The Bishop and the Butterfly: Murder, Politics, and the End of the Jazz Age

    Happy Evacuation Day

    Evacuation Day does not mark the elimination process that follows over-eating on Thanksgiving but celebrates November 25,1783 when the last British troops  left New York City at the end of the Revolutionary War. The holiday was once more popular in New York City than Thanksgiving. The celebration included parades, speeches and fireworks

    New York City was the last piece of the 13 colonies surrendered by the British. The British occupation had traumatized the city.

    From today's New York Daily News (linked above):

    That occupation had not been kind to the city. Gen. Henry Clinton, the city’s commandant for four years, wanted “to gain the hearts and subdue the minds of America,” but his aide-de-camp, Lord Francis Rawdon, wrote of giving “free liberty to the soldiers to ravage at will” so that “these infatuated wretches” would understand “what a calamity war is.”

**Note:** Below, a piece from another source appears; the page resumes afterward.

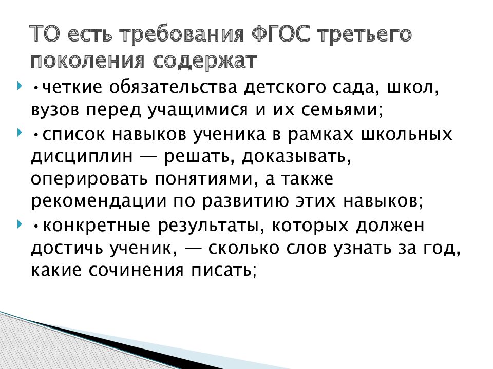 •четкие обязательства детского сада, школ, вузов перед учащимися и их семьями; •список навыков ученика в рамках школьных дисциплин — решать, доказывать, оперировать понятиями, а также рекомендации по развитию этих навыков; •конкретные результаты, которых должен достичь ученик, — сколько слов узнать за год, какие сочинения писать; ТО есть требования ФГОС третьего поколения содержат

    Rawdon’s view prevailed. British officers let their troops rape, murder and steal, while entertaining themselves with banquets, balls and “drunken orgies.” Food and firewood were hoarded for the troops; fires destroyed much of the city’s housing stock, leaving thousands in tent cities with no effective sanitation and setting off epidemics of cholera.

    Worst of all were conditions in the rotting British prison ships, where thousands of American prisoners-of-war were kept. Some 11,500 died in all — more than the sum of all Americans killed on the battlefield throughout the Revolution.

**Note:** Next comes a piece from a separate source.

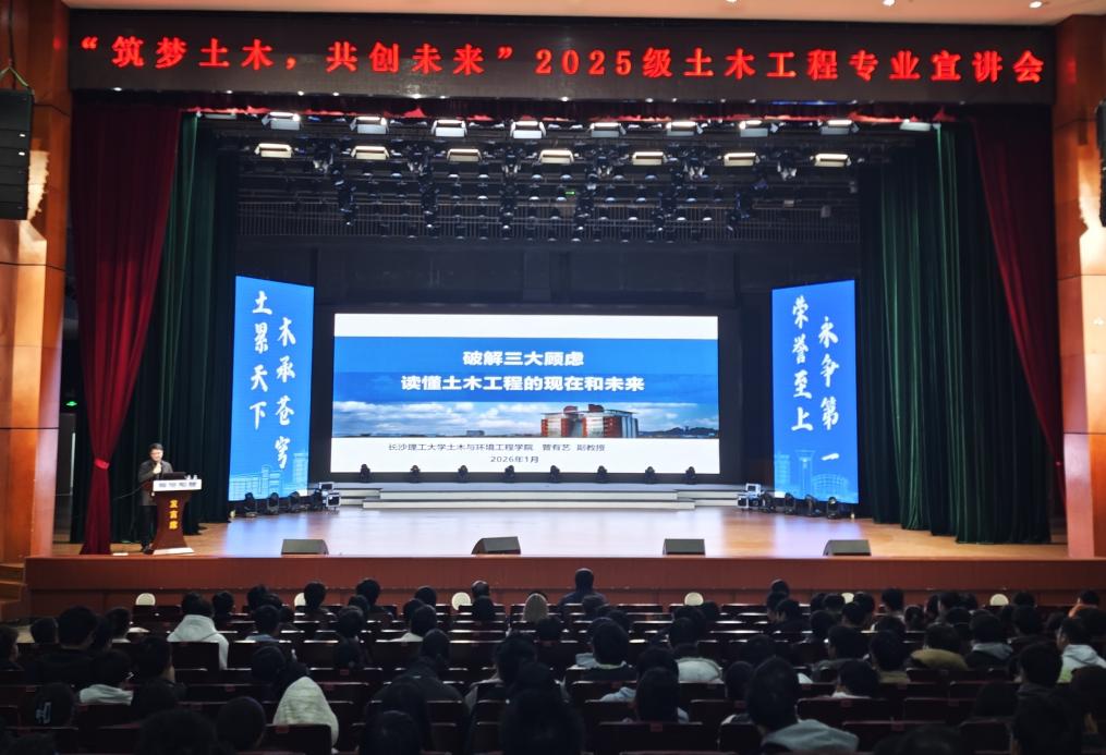 讲座聚焦土木工程专业学生核心顾虑,结合专业认知调查结果,围绕三大核心展开。首先直击行业前景、学习压力、工作环境三大痛点,用真实数据破除 “行业降温”“专业难学”“工地艰苦” 的认知偏差,阐明行业刚需属性与发展潜力。随后介绍长沙理工大学土木与环境工程学院六十余载积淀,涵盖学科排名、专业布局、师资力量等核心优势,凸显桥梁、隧道等特色方向的教学与实践实力。最后分享校友资源、就业保障与国内外行业机遇,给出针对性行动建议。

    The British troops left after the signing of the Treaty of Paris in 1783 with the former 13 colonies.

    George Washington led 800 weather beaten Continental Army troops through the ravaged city approximately on hour after the smartly dressed redcoats left the city. In a final taunt, the British troops left a Union Jack above a flag-pole on at their Battery. The pole was greased to make removal of the British flag difficult. The American response was to making pole climbing a part of the Evacuation Day celebration.

    Sarah Vowell had an excellent (and funny) segment about New York's Evacuation Day on the Daily Show on  November 18th. In her view, Evacuation Day trumps Thanksgiving. Thanksgiving took the prominent role because of the "evil" Abraham Lincoln.

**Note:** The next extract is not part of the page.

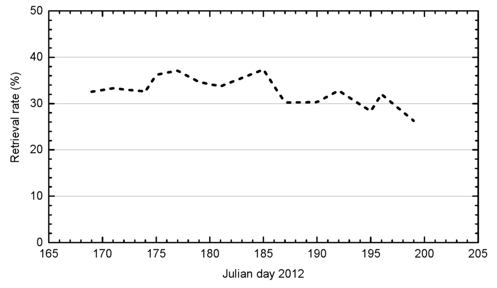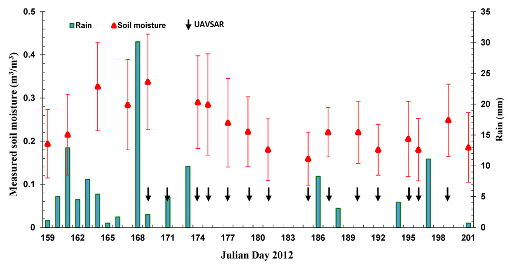 (1) Soil Moisture: Almost coincident with each UAVSAR overpass, the volumetric soil moistures of 55 fields were measured at about 6 cm depth (probe length) using hand-held hydra probes (except for the acquisition on 19 June 2012). Furthermore, the meteorological observations near the test site were simultaneously recorded, providing the experimental conditions for UAVSAR data acquisition and related ground measurements. In Figure 2, the temporal variation of the measured volumetric soil moisture is in agreement with that of the rainfall amount. The peak of the volumetric soil moisture appeared around Julian day 168 as a consequence of successive rain events followed by a significant precipitation of about 30 mm on Julian 168.

    On this date in history, New York officially returned to the United States

     

     

    Comments

    Now that's punny.

    And funny!


    One of the stories on this celebration noted that the it marked the last shot fired of the Revolutionary War when a sailor on one the departing ships fired a cannon at some of the jeering crowds that were watching them leave, but the cannonball landed harmlessly in the water.  What a way to end a war.  Thanks for telling me this story. I was not previously aware of it.